Aho-Corasick
What it is
Aho-Corasick is a string-matching algorithm that searches text for multiple patterns simultaneously in linear time O(n) + construction time. It’s far more efficient than running single-pattern matchers sequentially. Applications: synonym expansion, keyword highlighting, entity tagging, and content filtering.
[illustrate: Trie of patterns with failure links; text scanning with pattern matches highlighted; comparison to sequential single-pattern matching]
How it works
-
Construction (offline):
- Build trie from all patterns
- Add failure links (point to longest suffix match)

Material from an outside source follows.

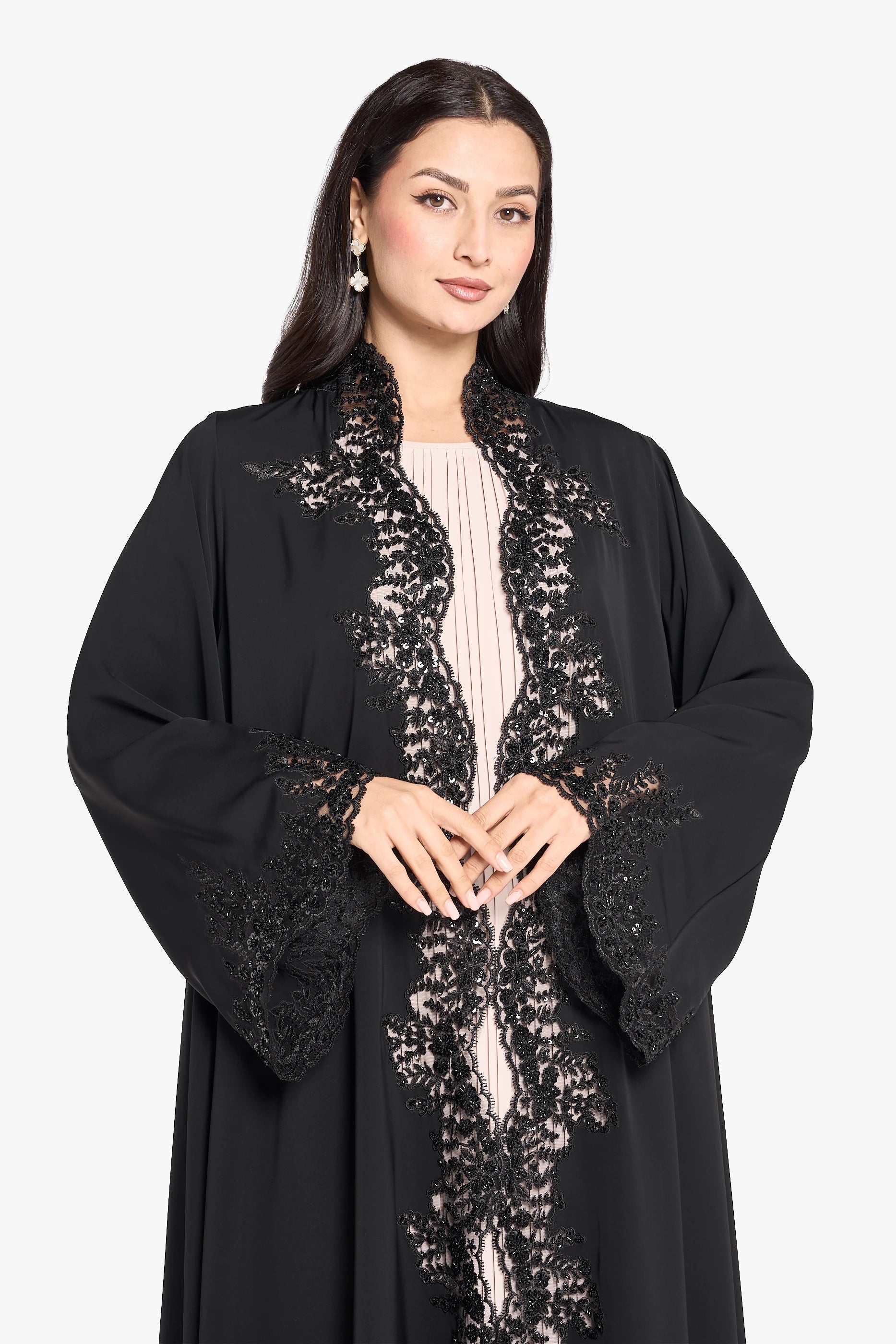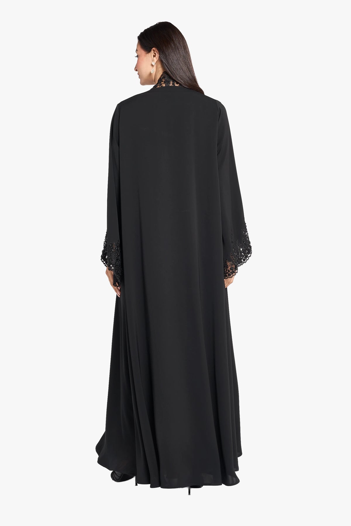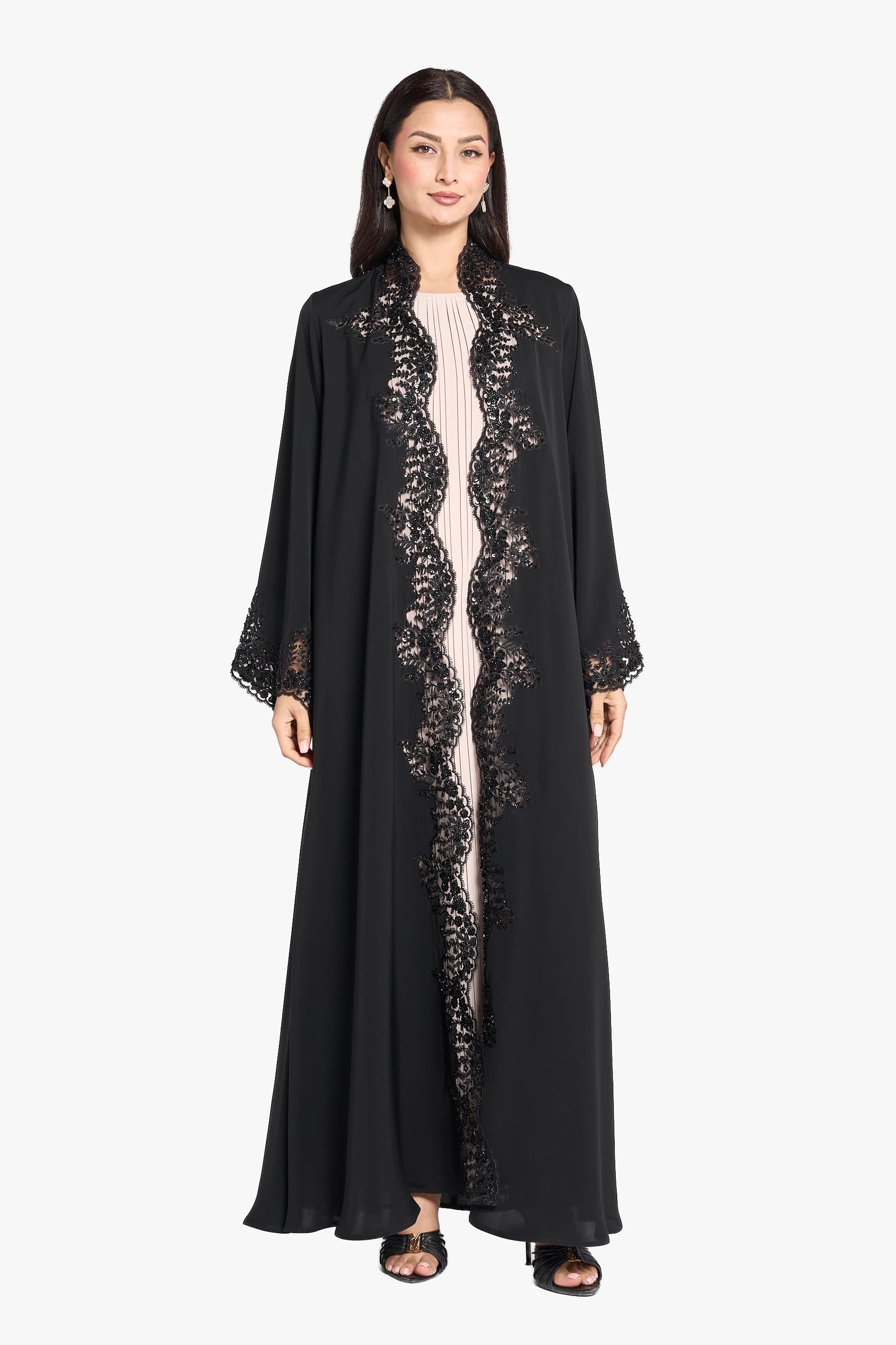 The OUSHA ABAYA merges elegance with intricate Dantel and exquisite handwork, offering a refined and timeless design. Expertly crafted, this abaya highlights delicate detailing that enhances its sophisticated silhouette, perfect for special occasions or elevated everyday wear.

- O(m) preprocessing, where m = total pattern length
-
Scanning (online):
- Read text character-by-character
- Follow trie transitions; use failure links on mismatch
- O(n) for n text characters
- Report matches when reaching pattern terminals
-
Key property: Linear time with respect to text length + pattern count, independent of pattern complexity
Example
Patterns: ["cat", "dog", "at"]
Text: "The cat and dog ate the cat food"
Trie structure:
c → a → t (pattern "cat", terminal)
d → o → g (pattern "dog", terminal)
a → t (pattern "at", terminal)
Scanning text:
"The cat and dog ate..."
Matches:
Position 4: "cat" ✓
Position 11: "dog" ✓
Position 16: "at" (in "ate") ✓
Position 27: "cat" ✓
Time: O(|text|) = O(30) + construction
Variants and history
Aho-Corasick algorithm published in 1975, foundational for pattern matching. Multiple pattern matching with low overhead enabled applications like:
- Virus scanning (many signatures)
- Intrusion detection (pattern matching)
- Text processing (synonym expansion)
Variants: Wu-Manber (optimized for long patterns), regex-based extensions. Modern libraries (grep, ripgrep) often use Aho-Corasick internally.
When to use it
Use Aho-Corasick when:
- Matching many patterns against large text (efficiency)
- Synonym or keyword highlighting
- Entity or mention detection (known list of entities)
- Content filtering (banned words, toxicity screening)
- Any multi-pattern string matching
Aho-Corasick is asymptotically optimal for this problem. Practical constant factors matter; implementation details (failure link construction, memory layout) affect performance.